The Polish resistance movement was active in the city. Already in September 1939, the Organizacja Orła Białego resistance organization was founded. Kraków became the seat of one of the six main commands of the Union of Armed Struggle in occupied Poland (alongside Warsaw, Poznań, Toruń, Białystok and Lwów). A local branch of the Żegota underground Polish resistance organization was established to rescue Jews from the Holocaust.

The German government operated several forced labour camps in the city, and in 1942–1944, they also operated the Stalag 369 prisoner-of-war camp for Dutch, Belgian and French POWs. In 1944, during and following the Warsaw Uprising, the Germans deported many captured Poles from Warsaw to Kraków.

A common account popularized in the Soviet-controlled communist People's Republic of Poland, held that due to a rapid advance of the Soviet armies, Kraków allegedly escaped planned destruction during the German withdrawal. There are several different versions of that account.
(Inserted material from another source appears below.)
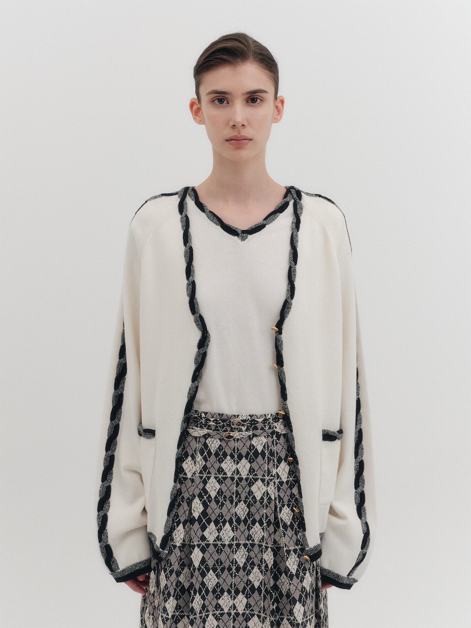[EENK] Twist Edge Knit Cardigan – Ivory

According to a version based on self-written Soviet statements, Marshal Ivan Konev claimed to have been informed by the Polish patriots of the German plan, and took an effort to preserve Kraków from destruction by ordering a lightning attack on the city while deliberately not cutting the Germans from the only withdrawal path, and by not aiding the attack with aviation and artillery. The credibility of those accounts has been questioned by Polish historian Andrzej Chwalba who finds no physical evidence of the German master plan for demolition and no written proof showing that Konev ordered the attack with the intention of preserving the city. He portrays Konev's strategy as ordinary – only accidentally resulting in little damage to Kraków – exaggerated later into a myth of "Konev, savior of Kraków" by Soviet propaganda. The Red Army entry into the city was accompanied by a wave of rapes of women and girls resulting in official protests.

==Post-war period==

After the war, the government of the People's Republic of Poland ordered the construction of the country's largest steel mill in the suburb of Nowa Huta. This was regarded by some as an attempt to diminish the influence of Kraków's intellectual and artistic heritage by industrialization of the city and by attracting to it the new working class. In the 1950s some Greeks, refugees of the Greek Civil War, settled in Nowa Huta.
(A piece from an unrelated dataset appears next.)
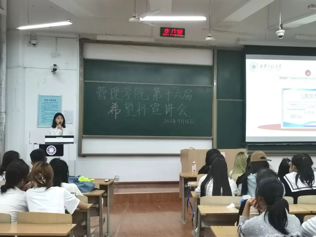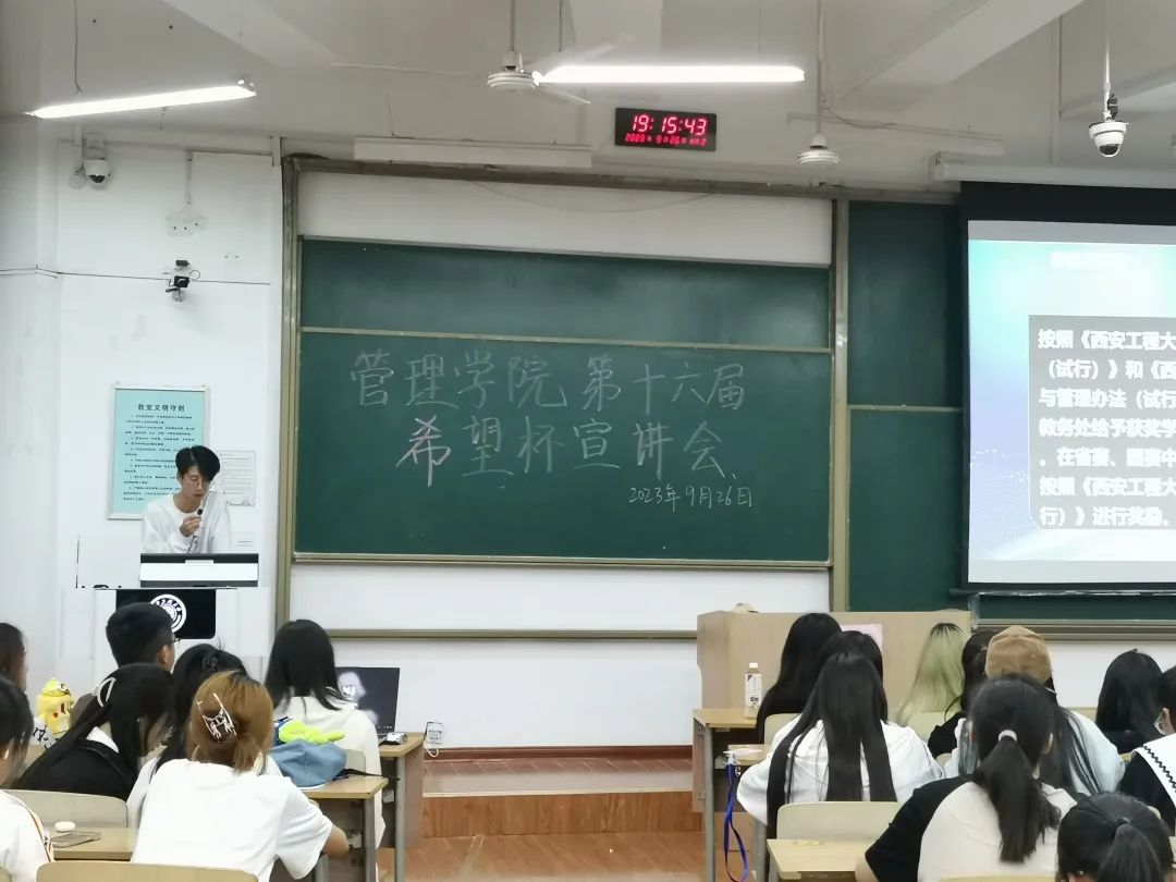 2023年9月26日晚七点,taptap点点188临潼校区B栋教学楼B-138教室举办第十六届“希望杯”大学生创业计划大赛宣讲会,2023级全体同学及其他年级部分学生参与了活动。由学院大学生科技协会竞赛部部长祁志伟担任主持人。

The city is regarded by many to be the cultural capital of Poland. In 1978, UNESCO placed Kraków on the list of World Heritage Sites. In the same year, on October 16, 1978, Kraków's archbishop, Karol Wojtyła, was elevated to the papacy as John Paul II, the first non-Italian pope in 455 years.

Kraków's population has quadrupled since the end of World War II. After the collapse of the Soviet Empire and the subsequent joining of the European Union, Offshoring of IT work from other nations has become important to the economy of Kraków and Poland in general in recent years. The city is the key center for this kind of business activity. There are about 20 large multinational companies in Kraków, including centers serving IBM, General Electric, Motorola, and Sabre Holdings, along with British and German-based firms.
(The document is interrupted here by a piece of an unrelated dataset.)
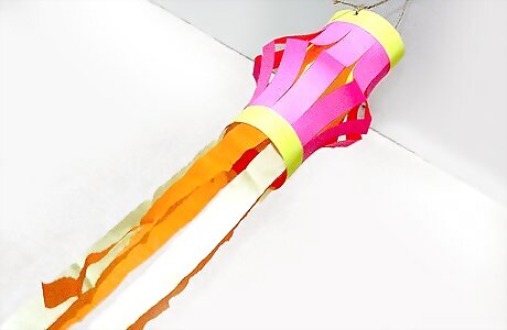 Decorate the lantern. You can hang your lantern up now, or you can decorate it further. Try not to add too many decorations, however, or your lantern will become too heavy. Here are some ideas to get you started: Cut strips of crepe paper or party streamers. Glue them to the inside of the bottom edge of the lantern. Try alternating red and yellow colors. Draw some designs along the top and bottom edge of the lantern using glue, and then sprinkle gold glitter over the designs. You can also use a gold marker. Glue some sequins or rhinestones along the top and bottom edge of the lantern.

On May 29, 1990, following the end of communism in Poland, the director of the Personnel Office of the Office of the Council of Ministers handed over a nomination act temporarily appointing Tadeusz Piekarz as the Voivode of Kraków, which was formally confirmed a month later, on June 28, 1990. On the day of the announcement nomination at the Kraków City Hall, there was a symbolic handover of the keys to the city by the outgoing president and voivode Jerzy Rościszewski which included a protocol on the transfer of functions between the outgoing Voivode and the newly appointed Voivode of Kraków acting as the Mayor of Kraków. This act referred to the legal basis for the operation of the Kraków City Hall and the Voivodeship Office in Krakow.

In recent history, Kraków has co-hosted various international sports competitions, including the 2016 European Men's Handball Championship, 2017 Men's European Volleyball Championship, 2021 Men's European Volleyball Championship, 2023 World Men's Handball Championship and 2023 European Games.